[Start of Attachment]

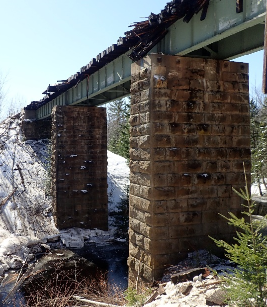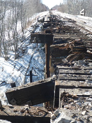 Au point milliaire 14,9 de la subdivision de Newcastle du CN, il y avait un pont d’acier à tablier ajouré. Le pont avait une longueur de 133,5 pieds et s’appuyait sur 2 culées de pierres, 2 piles de pierre et une assise de pont de béton. Sur le pont, la voie était constituée de rails de 100 livres, avec des contre-rails (aussi appelés rails Jordan)Note de bas de page 3 de 100 livres installés à 9 pouces des rails de roulement. La culée de pierre du côté nord-ouest du pont avait été endommagée par la collision avec l’une des voitures déraillées. Les contre-rails et environ 100 traverses avaient également subi des dommages au cours de l’événement (figure 4 et 5).
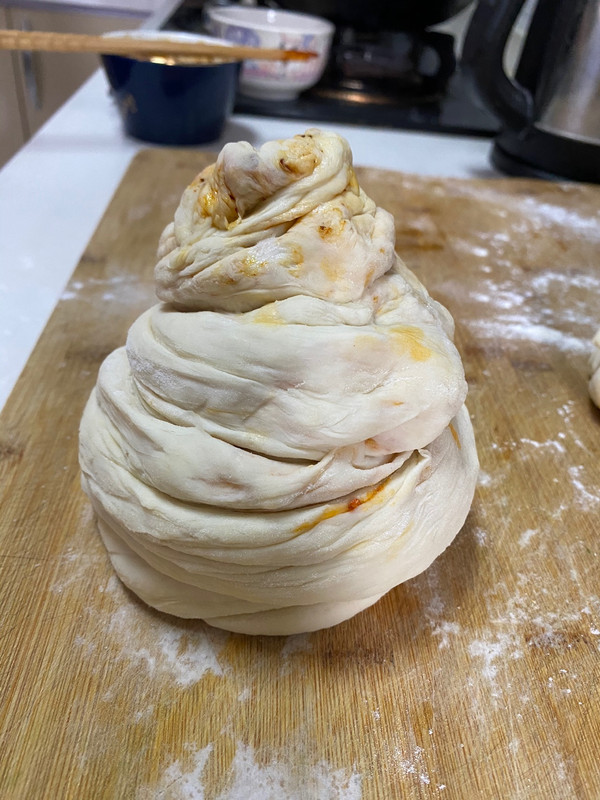卷好的面上下都捏住,不要让辣椒,油,留出来,卷像麻花一下扭一下,如图。
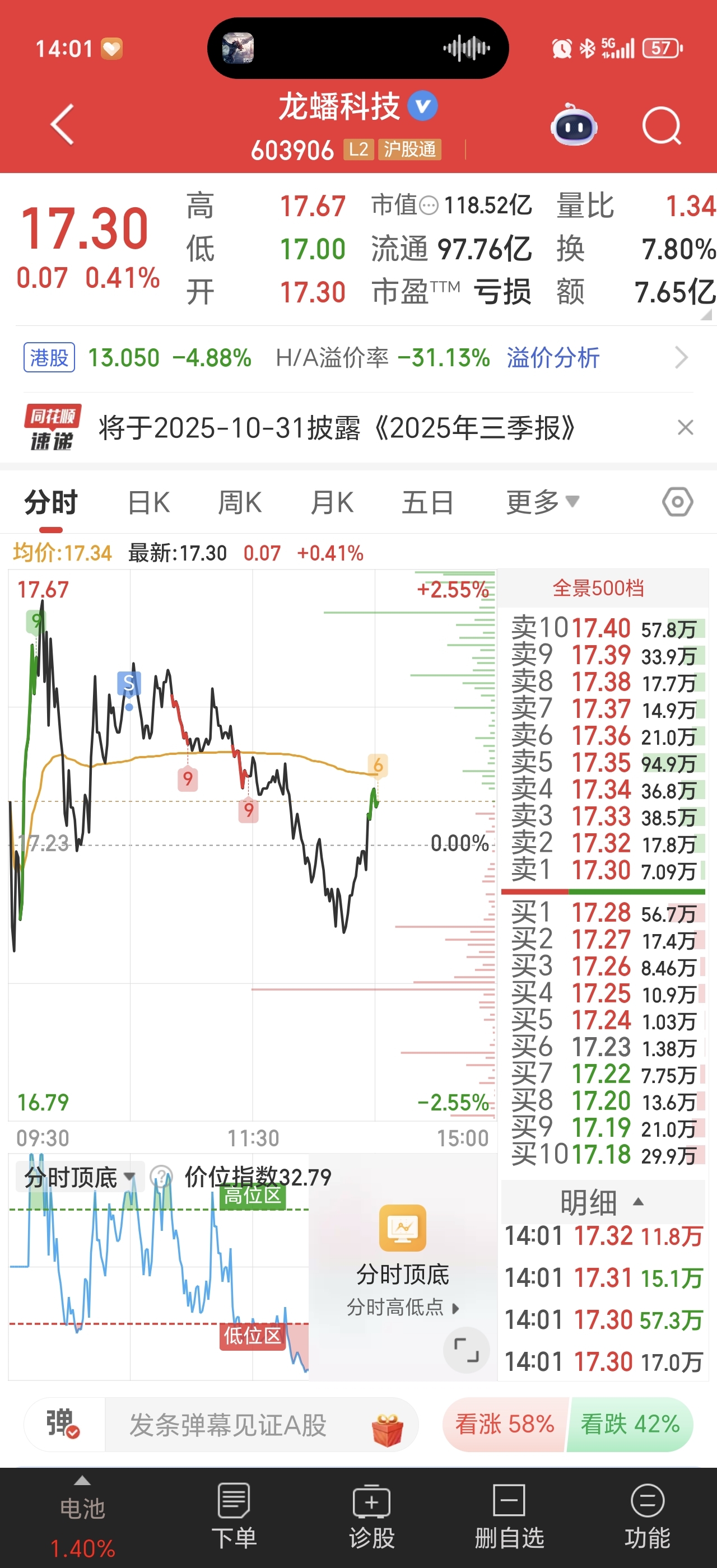 $龙蟠科技(SH603906)$ 明天跌吧,好吗?
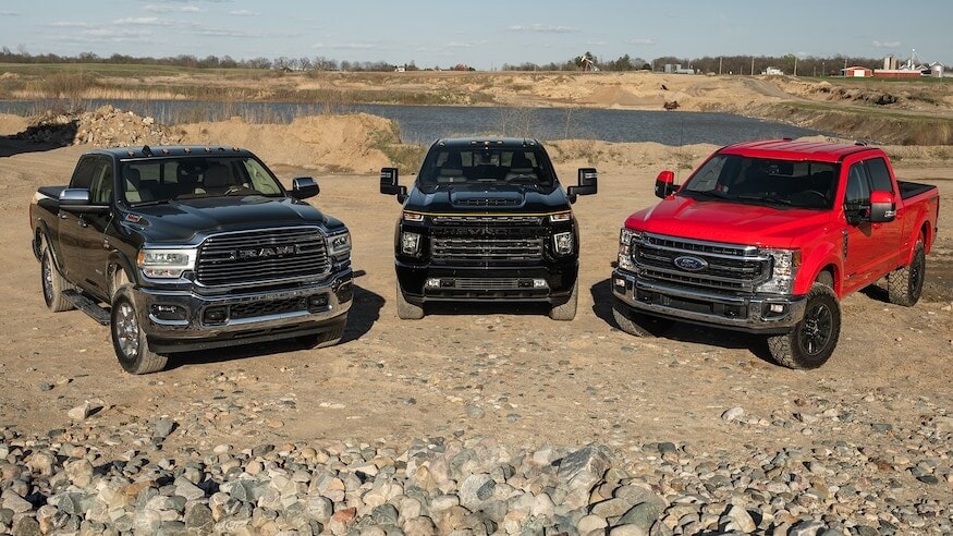 2021 Chevrolet Silverado Z71 LTZ (2500 HD 4X4 Carhartt) | 2021 Ford F-250 Super Duty Lariat Tremor 6.7L Power Stroke Turbo Diesel | 2021 Ram 2500 Heavy Duty Laramie 4x4 Cummins Turbo Diesel | |
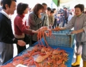 新鮮な越前がにを求める買い物客でにぎわう...
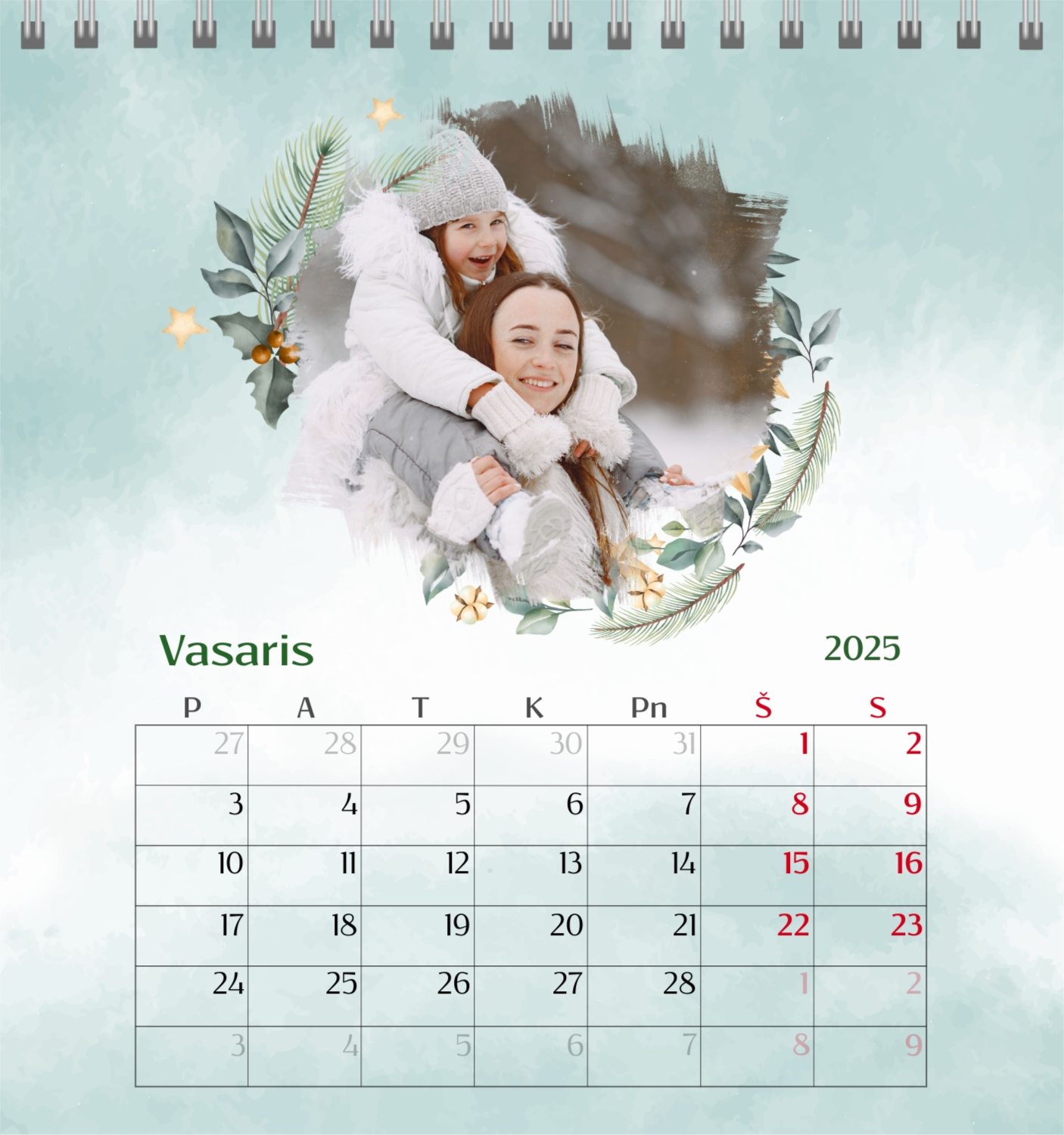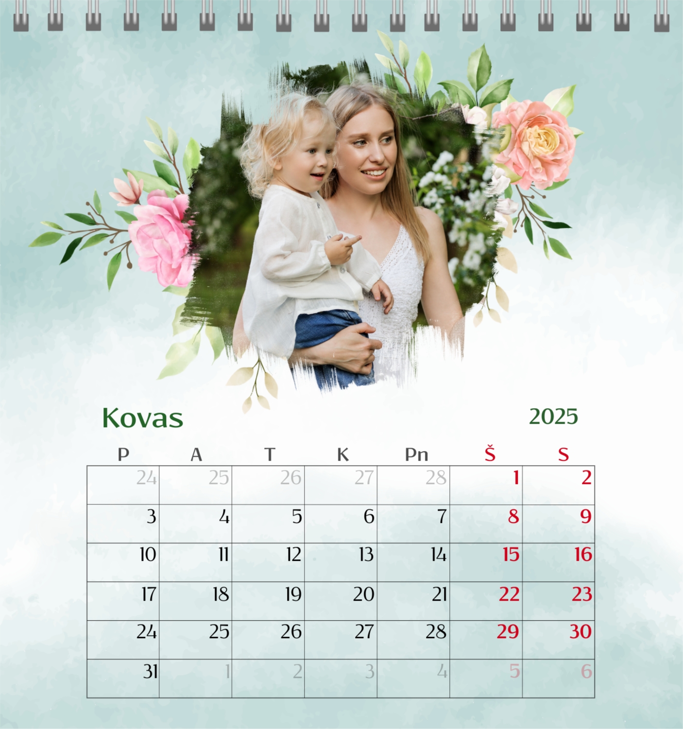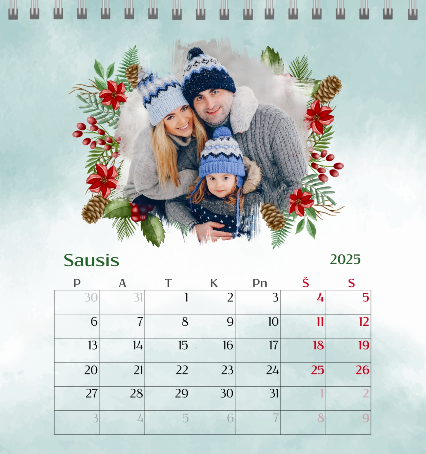 Šablonas" mūsų šeima " mūsų internetinio dizainerio darbalaukio kalendoriui suteikia unikalią galimybę sukurti asmeninį kalendorių, kuris visiškai atspindėtų jūsų šeimos gyvenimą. Internetinis dizaineris suteikia plačias redagavimo galimybes, leidžiančias pritaikyti kalendoriaus išvaizdą pagal jūsų pageidavimus. Galite lengvai keisti spalvų schemą, pasirinkti įvairius fonus ir šriftus, kad kalendorius būtų kuo labiau individualizuotas. Be to, šablonas "mūsų šeima" apima erdvę įrašams ir planams. Galite lengvai pridėti kasdienes užduotis, savaitės planus ir kitas pastabas, kad kalendorius būtų ne tik spalvingas, bet ir praktiškas laiko valdymo įrankis. Tokiu būdu galite sukurti unikalų stalo kalendorių "mūsų šeima", kuris bus ne tik patogus organizatorius, bet ir užpildytas šiltais šeimos prisiminimais.

[End of Attachment]

» About this task: Could you transcribe exactly the lines running from the one with "新鮮な越前がにを求める買い物客でにぎわう..." to the final line of the material above, both included, with no pictures?

» Worked solution:
 新鮮な越前がにを求める買い物客でにぎわう...
 Šablonas" mūsų šeima " mūsų internetinio dizainerio darbalaukio kalendoriui suteikia unikalią galimybę sukurti asmeninį kalendorių, kuris visiškai atspindėtų jūsų šeimos gyvenimą. Internetinis dizaineris suteikia plačias redagavimo galimybes, leidžiančias pritaikyti kalendoriaus išvaizdą pagal jūsų pageidavimus. Galite lengvai keisti spalvų schemą, pasirinkti įvairius fonus ir šriftus, kad kalendorius būtų kuo labiau individualizuotas. Be to, šablonas "mūsų šeima" apima erdvę įrašams ir planams. Galite lengvai pridėti kasdienes užduotis, savaitės planus ir kitas pastabas, kad kalendorius būtų ne tik spalvingas, bet ir praktiškas laiko valdymo įrankis. Tokiu būdu galite sukurti unikalų stalo kalendorių "mūsų šeima", kuris bus ne tik patogus organizatorius, bet ir užpildytas šiltais šeimos prisiminimais.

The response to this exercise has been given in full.